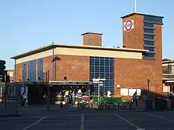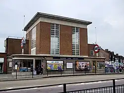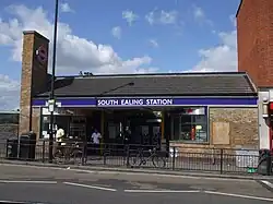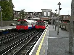 In 1929, quadrupling was to extend to Northfields for express trains to terminate there. This work was completed on 18 December 1932. Overall works for the extension began in 1931, approximately a year after permission was granted and funded under the Development (Loan Guarantees and Grants) Act 1929 (20 & 21 Geo. 5. c. 7). The Studland Road Junction area was partially rebuilt, with some of the old viaducts retained to date. The junctions diverging to Richmond were reconfigured at Turnham Green. Reversing facilities were initially designated at the latter, but these were not built.[80] Trial runs of Piccadilly line trains began on 27 June 1932. On 4 July 1932, services were extended to South Harrow, which replaced DR services. Northfields services were introduced on 9 January 1933, and on 13 March, were extended to Hounslow West. On 1 July 1933, the London Passenger Transport Board (LPTB) was formed, which included the Met, the DR and LER.[26] The board decided that there was sufficient demand to run through trains to Uxbridge due to rapidly developing suburbs along the line. The extension of Piccadilly line trains to Uxbridge began on 23 October 1933, but with many trains still reversing at South Harrow. By then, most Piccadilly line trains continued beyond Hammersmith, and District line trains to Hounslow were reduced to off-peak shuttles to Acton Town. An enhanced off-peak Piccadilly line service was introduced on 29 April 1935, cutting off-peak District line services down to the Acton Town–South Acton shuttle.[81] South Harrow short trips proved to be an inconvenience. The solution was to move reversing facilities to Rayners Lane. A new reversing siding was built there in 1935, which allowed some peak hour trains to terminate beginning in May 1936. Regular reversals were fully implemented in October 1943.[82] Peak-hour District line trains to Hounslow were fully withdrawn on 9 October 1964.[83]
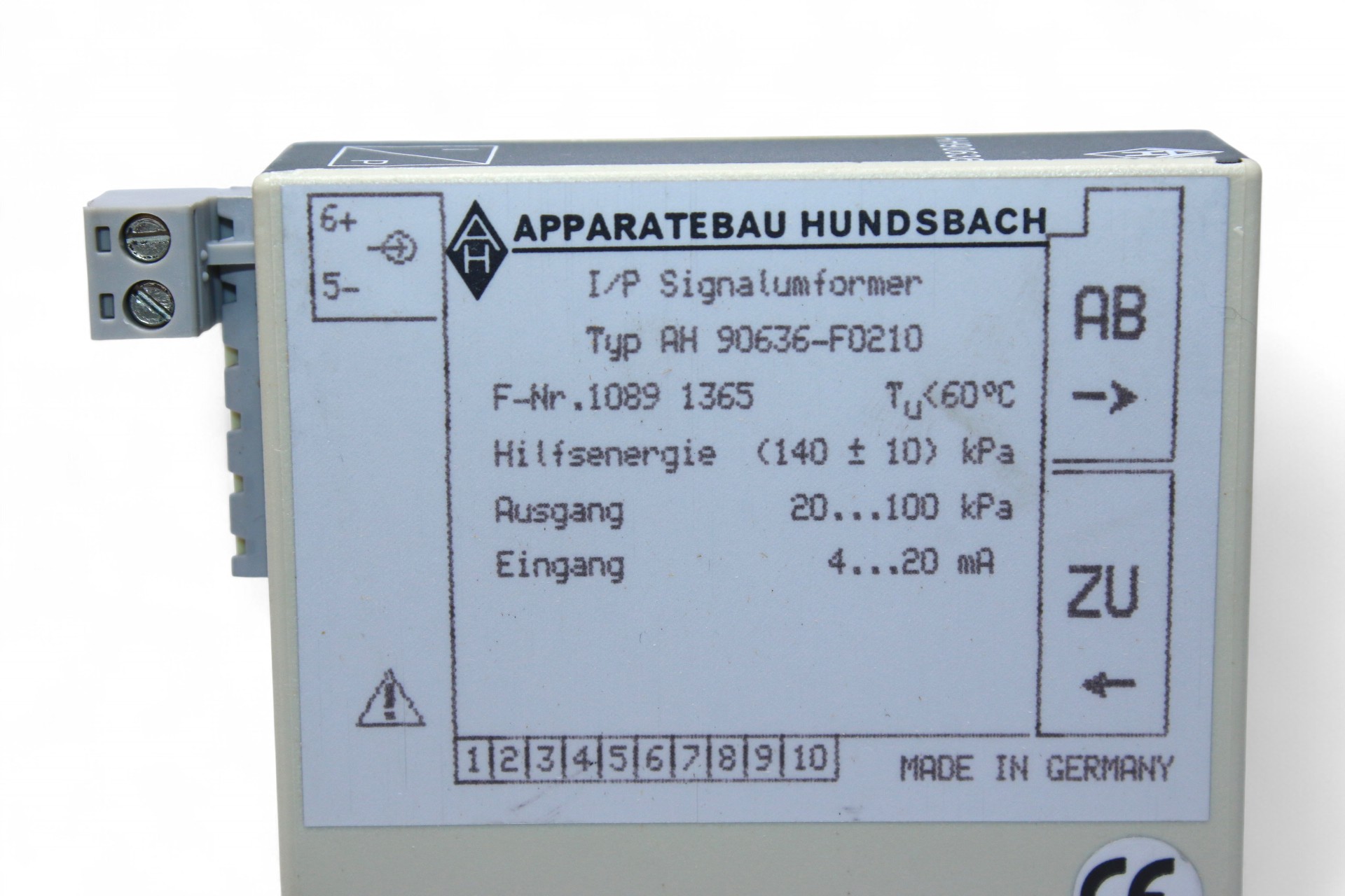 Manufacturer: APPARATEBAU HUNDSBACHType: I/P Signal ConverterModel: AH 90636-F0210
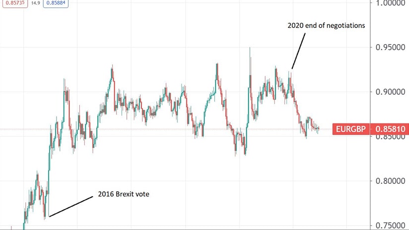 The EURGBP cross started the referendum day close to 0.75 and quickly jumped higher as investors sold the British pound. Four years of negotiations led to a long-term consolidation between 0.85 and 0.95, with many investors waiting for the cross to reach parity.
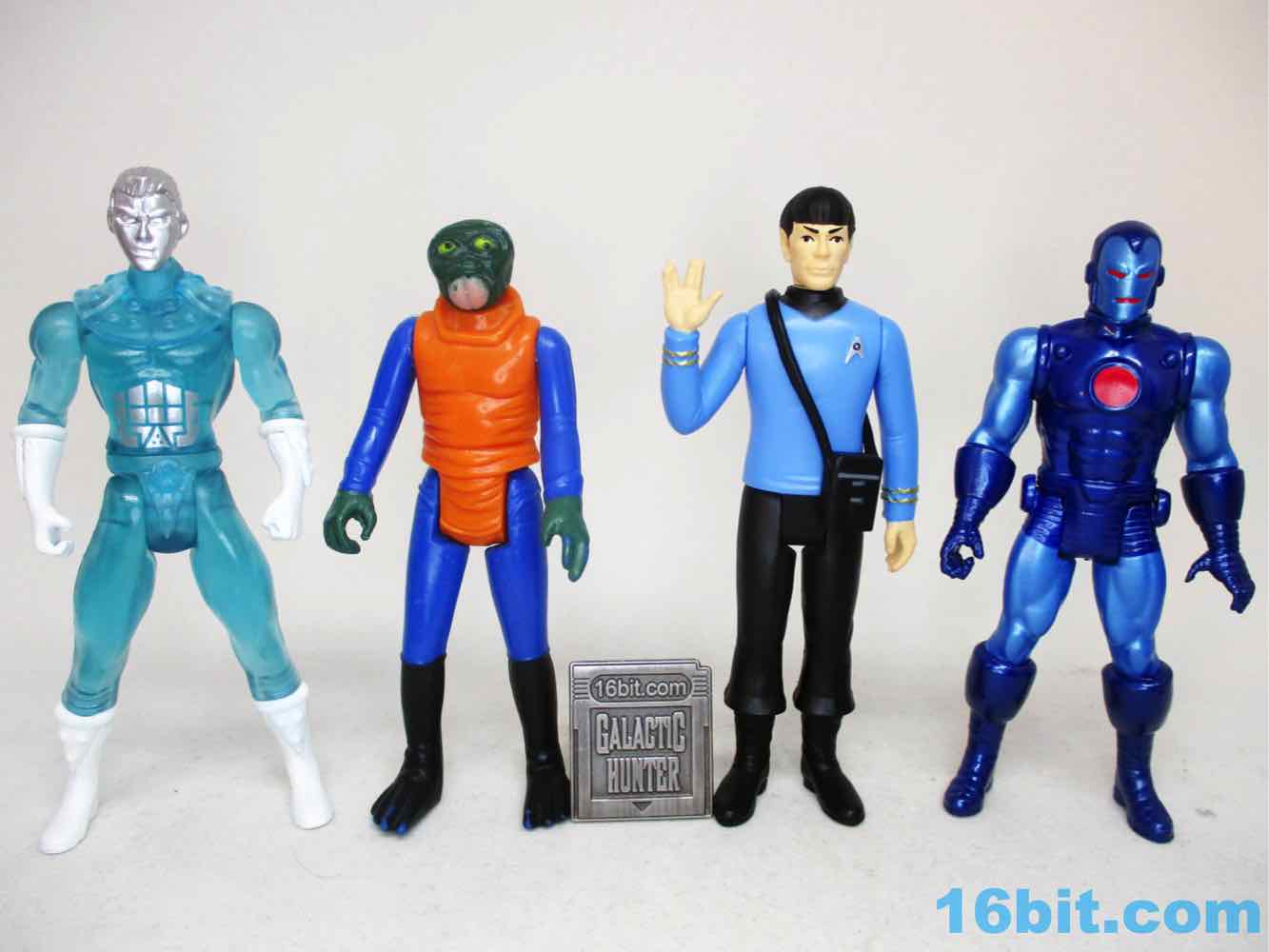 Mr. Spock stands about a head over Boba Fett from Kenner, and a half head over Hasbro's Kenner's Iron Man figure. While not a giant, this may make him a little out of scale for some of your other figures, it it's close enough that you won't notice too much. Mr. Nimoy was supposedly about 6 feet tall, which probably puts him a smidgen above a lot of other characters. He's a little shorter than a Darth Vader, for example, so it's completely out of whack. The left arm and legs seem in line with typical Kenner sculpting, and while bent elbows weren't entirely uncommon back in the day, unique hand gestures tended to be a rarity. It looks good, and gives the figure a lot of personality that ties in to his very specific packaging.
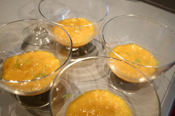 Dans les coupelles, disposez 2 à 3 cuillères de purée de mangue, parsemez de zestes du citron, et recouvrez avec le mélange au crabe.
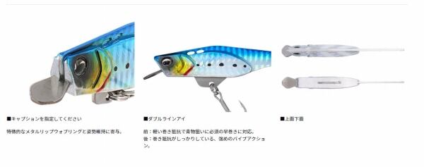 ヘビーウエイトミノーとメタルバイブのアクションを兼ね備え、頑丈さと飛距離をも兼ね備えたメタルビート!!ウォブリング:バイブレーション=7:3 のアクションで、安定した飛距離と軽い巻きごこちを実現。水平に近い遊泳姿勢で魚に見切られにくく、テール部の振れ幅とロールに近いバイブアクションが捕食スイッチを刺激する。ステンレスリップのニューオリジナルデザイン、今までにないミノーライクな鉄板系。樹脂製ヘビーミノーより細身でシルエットが小さく、ベイトが小さい時やセレクティブなときにも対応可能。魚の活性やレンジに合わせて、アクションの使いわけが出来るダブルラインアイ設定。
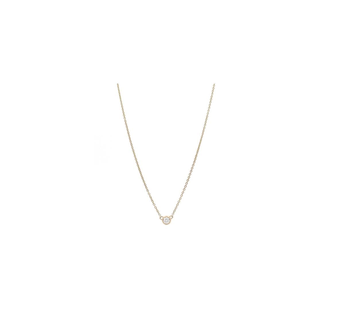 A timeless 14KT yellow gold solitaire necklace featuring a bezel-set round brilliant-cut diamond weighing 0.15ct. The diamond is graded H in color and SI-1 in clarity, ensuring brilliance and clarity. Suspended from an 18-inch oval cable link chain with an adjustable length, this piece is both elegant and versatile.
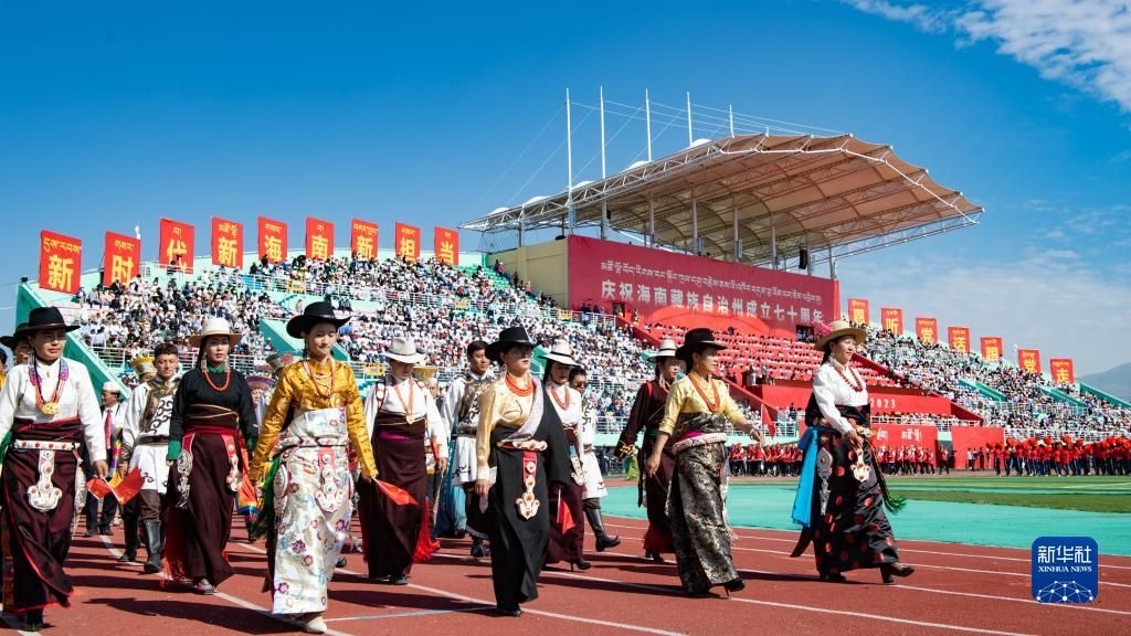 当日,青海省海南藏族自治州举行庆祝成立70周年大会。海南州民族体育场彩旗飘飘,歌声悠扬,各族群众身着盛装,满怀喜悦。
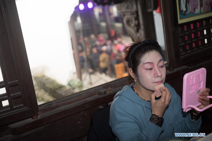 An actor of Xilu "luantan" wears make-up in Shiliping Village of Zhuji, east China's Zhejiang Province, Jan. 18, 2018. Xilu "luantan", which is popular with people in Zhuji and nearby areas, is a subtype of the "luantan" opera. The performance with exaggerating movements is based on dialect. In 2011, Xilu "luantan" was listed as one of the national intangible cultural heritages. (Xinhua/Weng Xinyang)
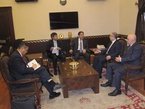 省長穆斯塔法首先對張總領事一行的到訪表示熱烈歡迎,強調克省在農業、畜牧業、礦業、食品加工業等領域資源豐富,市場廣闊,期待更多中國企業前來考察訪問、投資興業。張總領事表示,中土兩國人民友好關係源遠流長,2010年兩國戰略合作關係建立以來,政治互信不斷加強,經貿合作穩步增長,人文交流與民間往來顯著增加。近期,中國提出構建“絲綢之路經濟帶”,這將進一步拉緊同包括克省在內的土耳其各省之間交流與合作的紐帶,希望中土雙方共同努力,力爭在經貿等領域合作再上新台階。

★ ★ ★ ★

Minus its pictures, the full listing should be copied verbatim.

 In 1929, quadrupling was to extend to Northfields for express trains to terminate there. This work was completed on 18 December 1932. Overall works for the extension began in 1931, approximately a year after permission was granted and funded under the Development (Loan Guarantees and Grants) Act 1929 (20 & 21 Geo. 5. c. 7). The Studland Road Junction area was partially rebuilt, with some of the old viaducts retained to date. The junctions diverging to Richmond were reconfigured at Turnham Green. Reversing facilities were initially designated at the latter, but these were not built.[80] Trial runs of Piccadilly line trains began on 27 June 1932. On 4 July 1932, services were extended to South Harrow, which replaced DR services. Northfields services were introduced on 9 January 1933, and on 13 March, were extended to Hounslow West. On 1 July 1933, the London Passenger Transport Board (LPTB) was formed, which included the Met, the DR and LER.[26] The board decided that there was sufficient demand to run through trains to Uxbridge due to rapidly developing suburbs along the line. The extension of Piccadilly line trains to Uxbridge began on 23 October 1933, but with many trains still reversing at South Harrow. By then, most Piccadilly line trains continued beyond Hammersmith, and District line trains to Hounslow were reduced to off-peak shuttles to Acton Town. An enhanced off-peak Piccadilly line service was introduced on 29 April 1935, cutting off-peak District line services down to the Acton Town–South Acton shuttle.[81] South Harrow short trips proved to be an inconvenience. The solution was to move reversing facilities to Rayners Lane. A new reversing siding was built there in 1935, which allowed some peak hour trains to terminate beginning in May 1936. Regular reversals were fully implemented in October 1943.[82] Peak-hour District line trains to Hounslow were fully withdrawn on 9 October 1964.[83]
 Manufacturer: APPARATEBAU HUNDSBACHType: I/P Signal ConverterModel: AH 90636-F0210
 The EURGBP cross started the referendum day close to 0.75 and quickly jumped higher as investors sold the British pound. Four years of negotiations led to a long-term consolidation between 0.85 and 0.95, with many investors waiting for the cross to reach parity.
 Mr. Spock stands about a head over Boba Fett from Kenner, and a half head over Hasbro's Kenner's Iron Man figure. While not a giant, this may make him a little out of scale for some of your other figures, it it's close enough that you won't notice too much. Mr. Nimoy was supposedly about 6 feet tall, which probably puts him a smidgen above a lot of other characters. He's a little shorter than a Darth Vader, for example, so it's completely out of whack. The left arm and legs seem in line with typical Kenner sculpting, and while bent elbows weren't entirely uncommon back in the day, unique hand gestures tended to be a rarity. It looks good, and gives the figure a lot of personality that ties in to his very specific packaging.
 Dans les coupelles, disposez 2 à 3 cuillères de purée de mangue, parsemez de zestes du citron, et recouvrez avec le mélange au crabe.
 ヘビーウエイトミノーとメタルバイブのアクションを兼ね備え、頑丈さと飛距離をも兼ね備えたメタルビート!!ウォブリング:バイブレーション=7:3 のアクションで、安定した飛距離と軽い巻きごこちを実現。水平に近い遊泳姿勢で魚に見切られにくく、テール部の振れ幅とロールに近いバイブアクションが捕食スイッチを刺激する。ステンレスリップのニューオリジナルデザイン、今までにないミノーライクな鉄板系。樹脂製ヘビーミノーより細身でシルエットが小さく、ベイトが小さい時やセレクティブなときにも対応可能。魚の活性やレンジに合わせて、アクションの使いわけが出来るダブルラインアイ設定。
 A timeless 14KT yellow gold solitaire necklace featuring a bezel-set round brilliant-cut diamond weighing 0.15ct. The diamond is graded H in color and SI-1 in clarity, ensuring brilliance and clarity. Suspended from an 18-inch oval cable link chain with an adjustable length, this piece is both elegant and versatile.
 当日,青海省海南藏族自治州举行庆祝成立70周年大会。海南州民族体育场彩旗飘飘,歌声悠扬,各族群众身着盛装,满怀喜悦。
 An actor of Xilu "luantan" wears make-up in Shiliping Village of Zhuji, east China's Zhejiang Province, Jan. 18, 2018. Xilu "luantan", which is popular with people in Zhuji and nearby areas, is a subtype of the "luantan" opera. The performance with exaggerating movements is based on dialect. In 2011, Xilu "luantan" was listed as one of the national intangible cultural heritages. (Xinhua/Weng Xinyang)
 省長穆斯塔法首先對張總領事一行的到訪表示熱烈歡迎,強調克省在農業、畜牧業、礦業、食品加工業等領域資源豐富,市場廣闊,期待更多中國企業前來考察訪問、投資興業。張總領事表示,中土兩國人民友好關係源遠流長,2010年兩國戰略合作關係建立以來,政治互信不斷加強,經貿合作穩步增長,人文交流與民間往來顯著增加。近期,中國提出構建“絲綢之路經濟帶”,這將進一步拉緊同包括克省在內的土耳其各省之間交流與合作的紐帶,希望中土雙方共同努力,力爭在經貿等領域合作再上新台階。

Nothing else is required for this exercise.